She's not saying that adoption never turns out wonderfully, not at all (she addresses that further here, in a post about the above post); my own story has MUCH that is wonderful, make no mistake - but she's talking about it in ways that step outside of what have become the only acceptable storylines about adoption in our culture:
I also understand the desire to keep adoption a positive narrative. There are so many kids in the world who need homes, and putting some of the uglier sides of adoption out there diminishes their chances of finding any home. Of course, I don’t believe in any home for children — I believe in the right home, the permanent home, and I don’t think that home can be found if the pill is sugared so much it’s not a pill anymore. So, it’s a perspective I understand, but now that I’m not a member of the adoption industry anymore, it’s not a game I’m willing to play. There are plenty of other people — too many, I think — who are willing to do that. This space isn’t.
In light of all this, I very much hope Fugitivus shares her thoughts on "Mother and Child", if she sees it. I'm especially eager to see how this film portrays these adoption stories, if they're willing to look at some of the nuance and injustice and fundamental trauma, or whether it's going to be another sugary pill.

1 comment:

  1. I sort of guess the movie will be sugary, but I've been surprised by Hollywood before - I'd be happy if it lived up to the movie Crash. I felt like that was a mainstream movie that really hit a lot of points well and unbiasedly.

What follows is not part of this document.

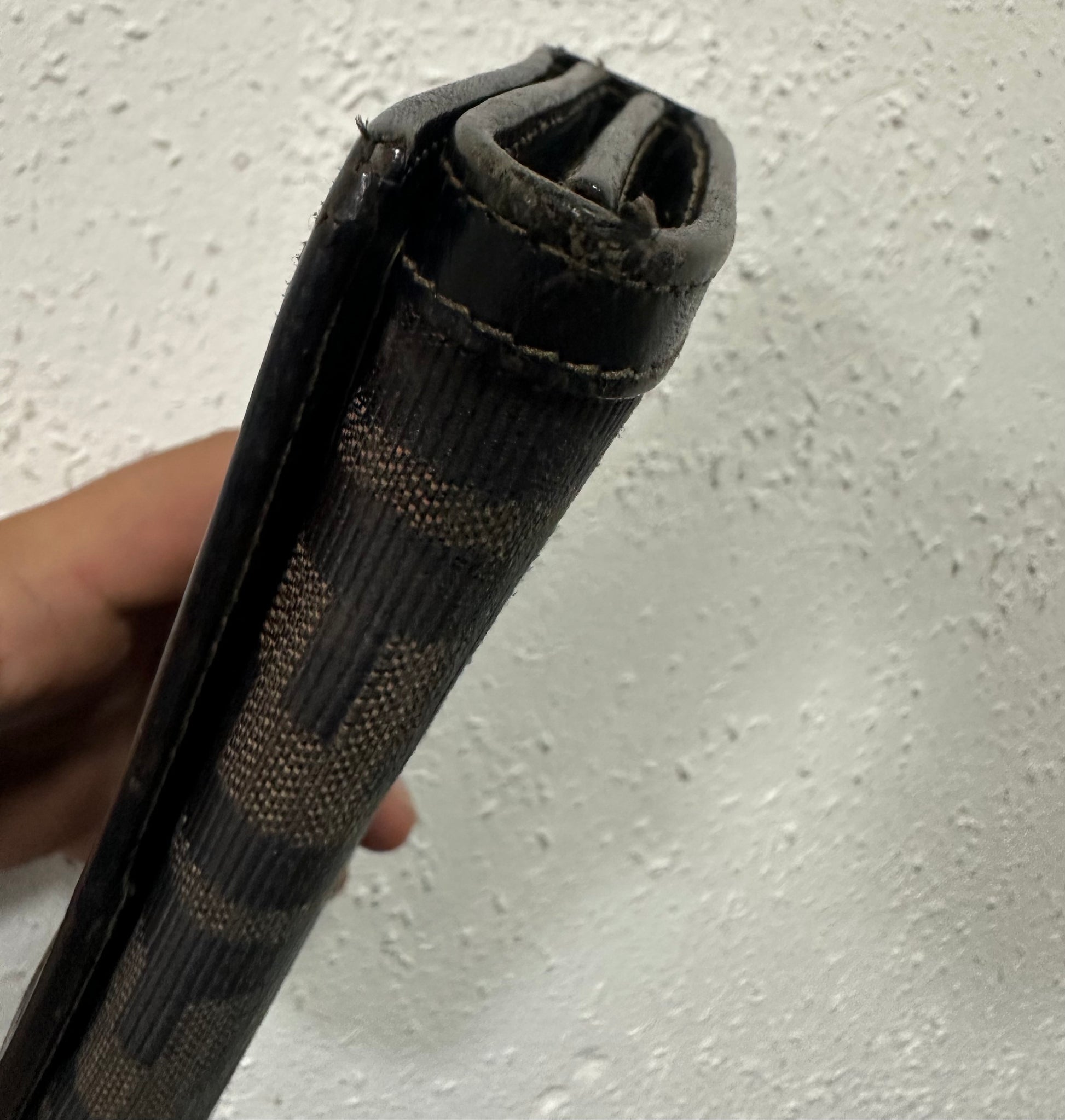 Die Fendi Geldbörse mit Monogramm in Braun ist der perfekte Begleiter für den stilbewussten Kunden. Die abgeriebenen Ecken verleihen der Geldbörse einen charmanten Vintage-Look, während das Monogramm in gutem Zustand erhalten bleibt. Das Innenfutter ist etwas schmutzig, jedoch bleibt der allgemeine Zustand der Geldbörse in Ordnung.
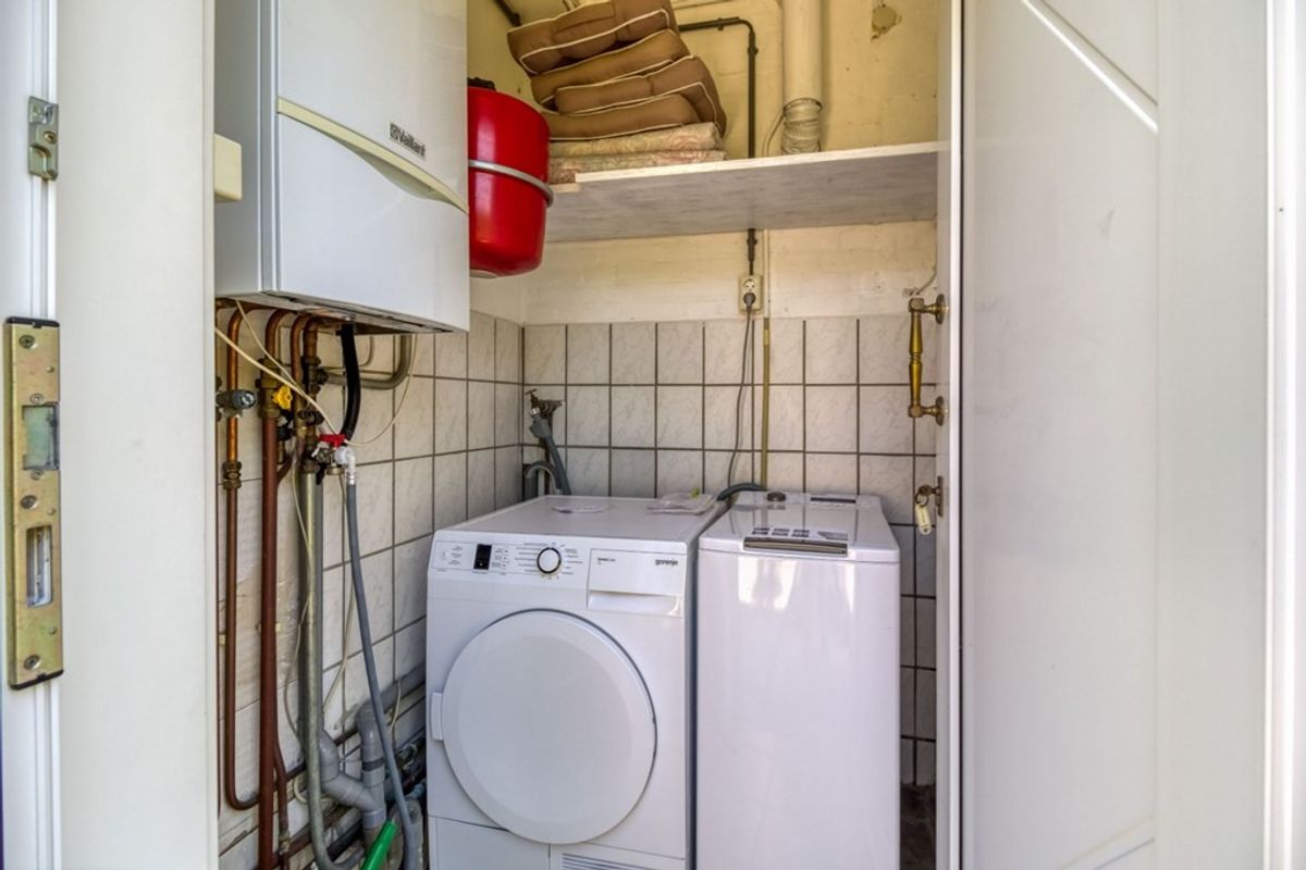 Er zijn 3 slaapkamers waarvan twee er via de hal te bereiken zijn en één via de woonkamer. De badkamer is voorzien van ligbad met douchefunctie, wastafel en toilet. Apart tweede toilet met fonteintje. In de berging die vanaf buiten te bereiken is bevinden zich de cv-ketel, wasmachine en droger.

    While I was not adopted, my father was (domestically) and so was my husband (South Korea). It was actually one of the talking points that brought my husband and I together, and maybe someday we will adopt a child of our own. (We would both love to, but we're currently nowhere close to where we would need to be financially. I'm currently pregnant with our first child.) Although adoption may begin with a form of the worst case scenario, it has had a HUGE positive effect on my life - Without adoption, I wouldn't have been born or have had the chance to meet my husband.

    Looking forward to your review of both movies.